Californian Graduate Diploma in Law student Elijah Granet discusses unwanted and misunderstood legal American terms.
Trespassers Will Be Prosecuted
Almost all British sign sellers hock some version of a Trespassers Will Be Prosecuted sign. While in America trespassers can be prosecuted and in some states shot on sight, English and Welsh law generally treats trespass as a civil tort, making the signs a worthless decoration.
Historically trespass was universally a civil tort, so that in 1982, an intruder who had managed to enter Buckingham Palace and slip into the Queen's bedroom technically hadn't committed a crime. This was subsequently rectified in the Serious Organised Crime and Police Act 2005, which allowed the Home Secretary to designate certain sites where trespass is an offence. The short list is limited to civil nuclear installations and places where royals or senior politicians live.
There is also an offence of aggravated trespass under the Criminal Justice and Public Order Act 1994. This deals with people who trespass and intend to deliberately disrupt a lawful activity. Under the same act trespassers can also be prosecuted if they disregard police requests to leave. A sign saying No Trespass does not count as a police request. In fact, such signs don't count for anything.
In 2019, after the MP Mark Field was filmed grabbing a Greenpeace protestor by the neck, The Guardian reported that the protestor "has no plans to press criminal charges". That is in a very literal sense true, since no one in England & Wales can press charges, unless one counts private prosecutions.
Charging decisions are, except in the case of minor offences, determined on the advice of the Crown Prosecution Service (CPS) after reviewing submissions made by the police. While victims can appeal for review a decision not to charge, they do not have veto power over whether or not someone is charged. CPS certainly takes into account a victim's wishes, but that is entirely different from a victim having the ability to press charges.
Jail, gaol and prisons
The BBC reported in February 2019 that the Justice Secretary was calling for an end to short jail terms. While there is nothing wrong with the colloquial use of jail as a synonym for prison, there is no custodial facility in England & Wales actually called a jail or gaol.
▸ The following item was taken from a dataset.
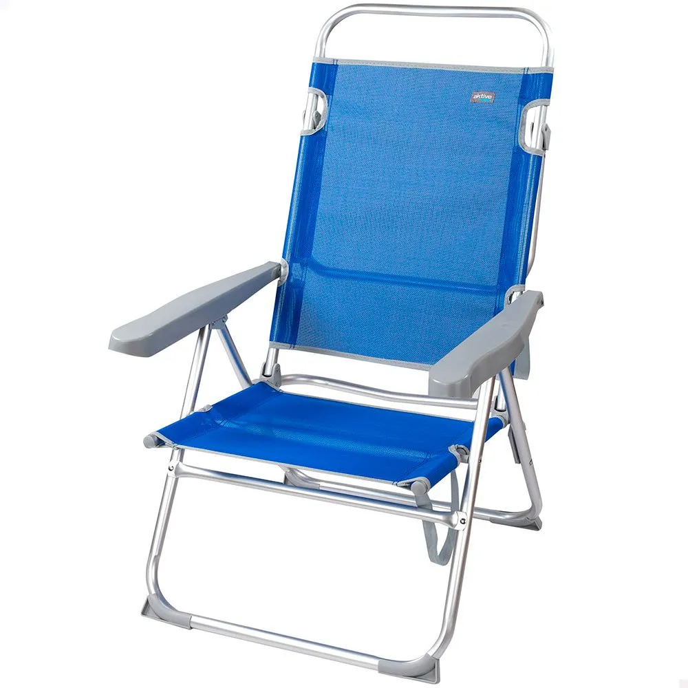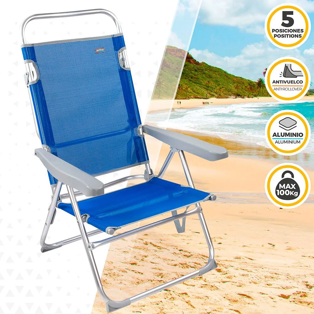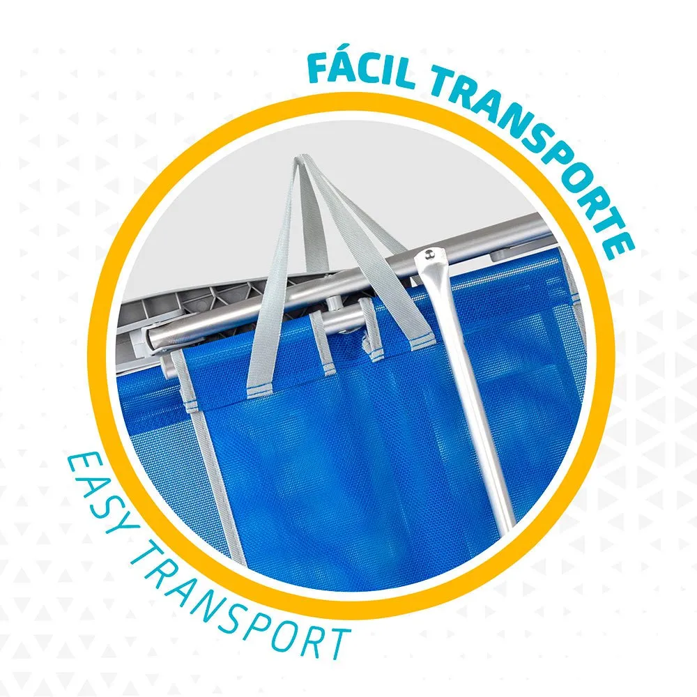 Made with a resistant aluminum structure and a textilene seat, it measures 63x57x99 cm, with anti-roll blocks to place on any surface and maintain stability.

In much of the United States, jail refers to a local facility used for remand prisoners and short sentences, while prisons house those convicted of substantial offences. In England & Wales virtually all prisoners, both convicted and on remand, are held in, well, prisons. There are non-prison custodial institutions including police station custody suites, removal centres for immigration detention, and high secure hospitals. None of these, however, are called jail.
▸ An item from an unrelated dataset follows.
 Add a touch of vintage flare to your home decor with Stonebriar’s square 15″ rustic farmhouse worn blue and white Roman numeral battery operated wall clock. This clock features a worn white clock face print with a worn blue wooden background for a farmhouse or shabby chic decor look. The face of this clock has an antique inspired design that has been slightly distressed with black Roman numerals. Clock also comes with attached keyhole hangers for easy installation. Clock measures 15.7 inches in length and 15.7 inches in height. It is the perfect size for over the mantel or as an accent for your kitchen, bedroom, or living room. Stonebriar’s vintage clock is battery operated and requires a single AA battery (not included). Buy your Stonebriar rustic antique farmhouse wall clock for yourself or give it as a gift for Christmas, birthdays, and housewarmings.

Gaols did historically refer to certain local prisons but this distinction was entirely abolished by the Prison Act, 1865. Yet 154 years later the term persists, in what I unscientifically suspect is a combination of American linguistic influence and its usefulness to headline writers, who value the four-letter word's economy of space.
Common law marriage
This astonishingly persistent term ceased to have any meaning in England & Wales with the Marriage Act 1753 which set out strict criteria for legally valid marriages. In spite of a welcome ruling from the Supreme Court, un-married and non-civil partnered couples, even those who have been together for decades, have virtually no legal protections.
The widespread belief in common law marriage (a survey in 2017 found that two-thirds of British cohabiting couples believed some version of it existed) is incredibly dangerous. It leads many couples into disastrous complacency, resulting in financial and emotional hardship during illness or bereavement.
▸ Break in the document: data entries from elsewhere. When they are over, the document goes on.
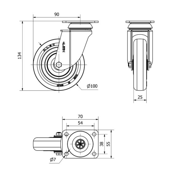 Rueda goma giratoria Alex diametro 100 mm. 2-2815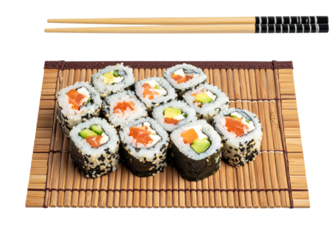 Sushi roll set on bamboo mat isolated on transparent background, japanese cuisine
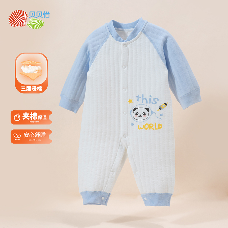 贝贝怡婴儿连体衣秋冬装保暖哈衣新生儿衣服男女宝宝加厚套装爬服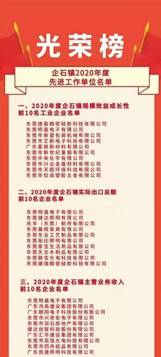 3月3日上午,企石鎮(zhèn)召開2020年度工作總結大會,發(fā)布了《企石鎮(zhèn)2020年度先進工作單位名單》,包括《2020 年度企石鎮(zhèn)規(guī)模效益成長性前10名工業(yè)企業(yè)名單》《2020 年度企石鎮(zhèn)實際出口總額前10名企業(yè)名單》《2020 年度企石鎮(zhèn)主營業(yè)務收入前10名企業(yè)名單》等10份名單。會議對2020年度企石鎮(zhèn)主營業(yè)務收入前10名企業(yè)進行了現場表彰。新望公司有幸入列:企石鎮(zhèn)2020年度規(guī)模效益成長性前10名。

As a legal term, common law marriage is only a partial Americanism, as a dwindling number of US states actually recognise long term cohabiting couples as married. However, as a term in popular culture, it is wholly an Americanism, as this corrosive myth has been propagated by Hollywood films (ironically made in California, which lacks common law marriage). Unfortunately for English and Welsh cohabitants, getting legal advice from Legally Blonde will only leave them legally blind.
The fact that unlike in America, gavels are not and have never been used in English and Welsh courts is actually quite widely known, to the point that there is a popular Twitter account @igavels debunking it. Yet, as @igavels painstakingly documents, the British media continues to use stock photos involving gavels to illustrate their legal stories. My unprovable hunch is that this is due to a combination of sub-editors' delight at annoying pedantic legal professionals and the American bias of Anglophone stock photo catalogues.
Taking the stand
In June 2019, a headline in The Telegraph claimed that the former Autonomy boss Mike Lynch would shortly "take the stand in tech's trial of the century". Though Mr Lynch did testify, he did not take the stand, because English and Welsh courtrooms, unlike their American counterparts, lack a witness stand. Instead they feature a witness box, analogous to the jury box and the dock (essentially, the defendant's box). This is a really pedantic distinction, since, except for those who are physically unable to, one stands in the witness box. Yet for decades, legal professionals have been exceptionally annoyed by anyone who dares to use the Americanism.
In 1968, the linguist Brian Foster reported, probably apocryphally, a tale of a 1950s British judge who had angrily confronted an American defendant who had the temerity to use the term witness stand, which was simply unacceptable in his courtroom. With this in mind, feel free to refer to the testimonial area however you like unless you're on trial and need to keep the judge on side!
Views expressed in our blogs are those of the authors and do not necessarily reflect those of the Law Society.